Long outputs should go to files rather than staying in context. The agent can then grep across results, check work, and maintain references without polluting the conversation with enormous outputs. Memory can live in a memories folder where the agent writes insights for future reference. This simple approach leverages the file system rather than requiring specialized memory infrastructure.

Migration and Naming

The SDK was renamed from Claude Code SDK to Claude Agent SDK, reflecting its broader capabilities beyond coding. Package names changed accordingly. This matters when reading older documentation or examples that reference the previous names.

Two breaking changes require attention when migrating from older versions. The system prompt no longer defaults to Claude Code's prompt, so you must explicitly request it if needed. Settings sources no longer load automatically, ensuring SDK applications have predictable behavior independent of local filesystem configurations. This matters for continuous integration environments, deployed applications, and multi-tenant systems where settings leakage between users would cause problems.

If you want the Claude Code behavior, you can request it explicitly by using the preset system prompt option. This gives you the full Claude Code system prompt with all its capabilities. If you want a minimal agent that does exactly what you specify, omit the system prompt and provide your own instructions.

Direct Links to Documentation

SDK Overview

Quickstart Guide

TypeScript SDK Reference

TypeScript V2 Preview

Python SDK Reference

Migration Guide

Guides

Streaming vs Single Mode

Configure Permissions

Handle Approvals and User Input

Modifying System Prompts

Additional Resources

Python SDK on GitHub

TypeScript SDK on npm

Example Agents

Building Agents with the SDK (Anthropic Blog)

Effective Harnesses for Long-Running Agents

The Future: Simple but Not Easy

Building an agent should be simple. Your final agent should be simple. But simple is not the same as easy.

Start with Claude Code directly. Give it scripts, libraries, and context files. Ask it to accomplish tasks. Watch what it does. Iterate on the prompts, tools, and verification steps. Build something that feels good locally before moving to production.

The amount of code in your agent should not be huge. It does not need to be extremely complex. But it needs to be elegant. It needs to be what the model wants. That interesting insight about turning a spreadsheet into SQL queries comes from reading transcripts and understanding how Claude naturally approaches problems.

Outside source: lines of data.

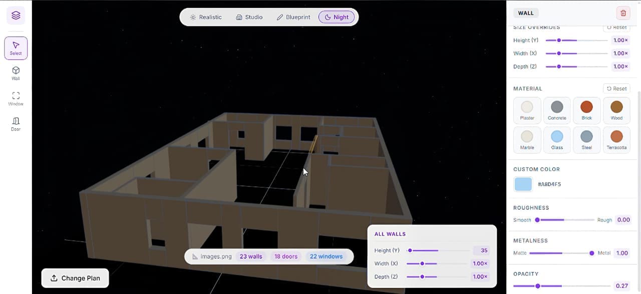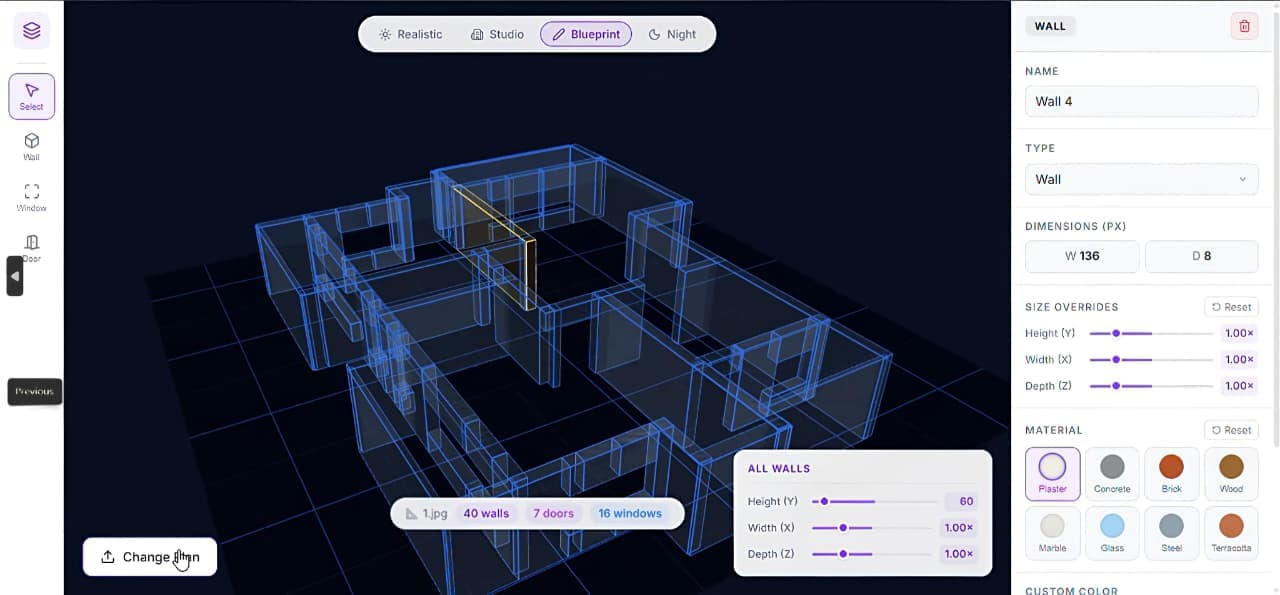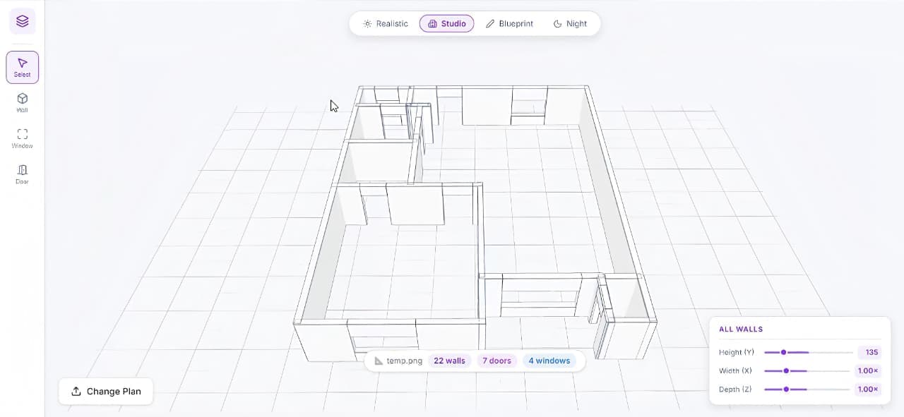 - Multi-room parsing with automatic door, window, and wall detection including curved walls and open-plan spaces
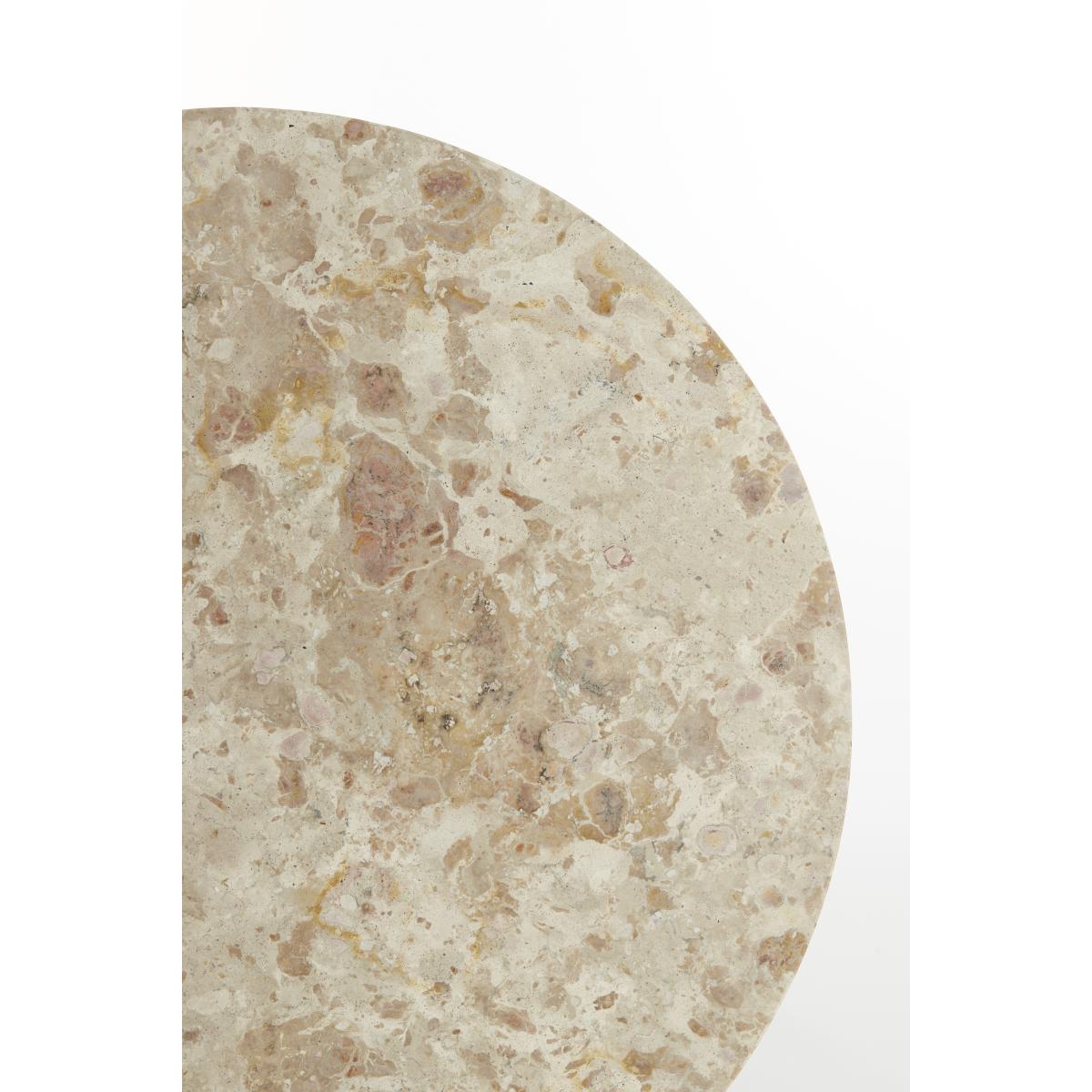 Het marmeren blad van de ZECA bijzettafel heeft een luxe uitstraling dankzij de zachte taupe tinten die het een verfijnde look geven. Marmer staat bekend om zijn tijdloze schoonheid en robuustheid, wat deze tafel zowel een visueel hoogtepunt maakt als een praktisch meubelstuk. Het marmeren oppervlak is niet alleen stijlvol, maar ook gemakkelijk te onderhouden, waardoor de ZECA bijzettafel zowel mooi als functioneel is.
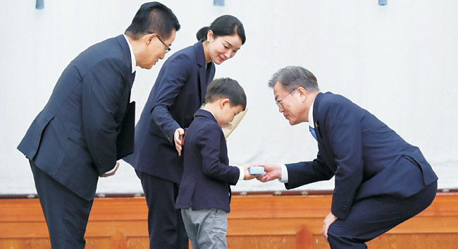 문재인 대통령이 29일 오전 청와대에서 박지원 신임 국가정보원장에게 임명장을 수여한 뒤 함께 참석한 박 원장의 손자에게 기념품을 건네고 있다.
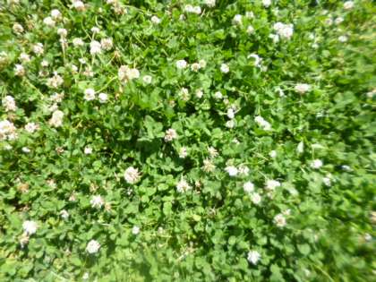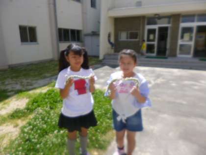 中庭にさいているシロツメグサ(クローバー)を使って、花の冠を作っていました。とても上手にできていました。
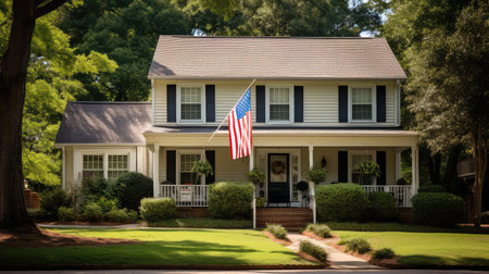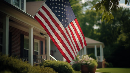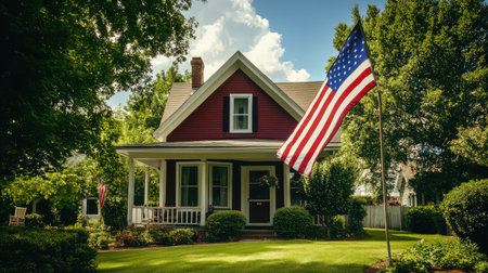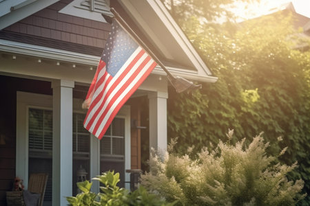 A vibrant American flag flutters proudly outside a cozy suburban home surrounded by lush greenery in the warmth of a sunny afternoon.

Simple at the end, but the process of discovering what works requires exploration. The Agent SDK handles the orchestration so you can focus on the domain-specific challenges: designing agentic search interfaces, creating appropriate guardrails, and building verification steps that catch errors before they compound.

The models improve continuously. Rethink and rewrite agent code every six months because assumptions get baked in that no longer apply. We can write code ten times faster now with these tools. We should throw out code ten times faster as well. For startups, this represents your largest advantage over larger companies with long incubation cycles. Build for the capabilities that exist today.

The Claude Agent SDK represents a new way of building software. Not software that generates text, but software that accomplishes goals. The infrastructure exists. The tools are available. The question is no longer whether autonomous agents are possible but what you will build with them.